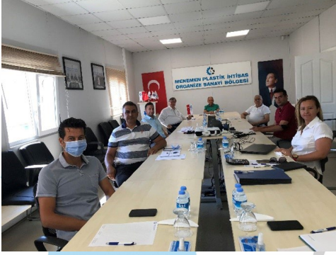
Yönetim Kurulu Toplantısı 19.07.2022
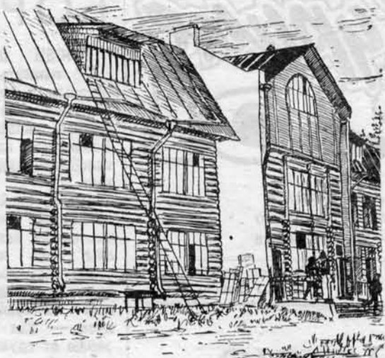
Рисунки студкора И. Попова

выглядывает солнце. Но, несмотря на это, занятия проходят очень интересно и увлекательно. Проводят их опытные преподаватели нашего института.

__THE PROBLEM__. The material above must be reproduced line for line, with the images omitted.

__TASK ANSWER__.
Yönetim Kurulu Toplantısı 19.07.2022
Рисунки студкора И. Попова

выглядывает солнце. Но, несмотря на это, занятия проходят очень интересно и увлекательно. Проводят их опытные преподаватели нашего института.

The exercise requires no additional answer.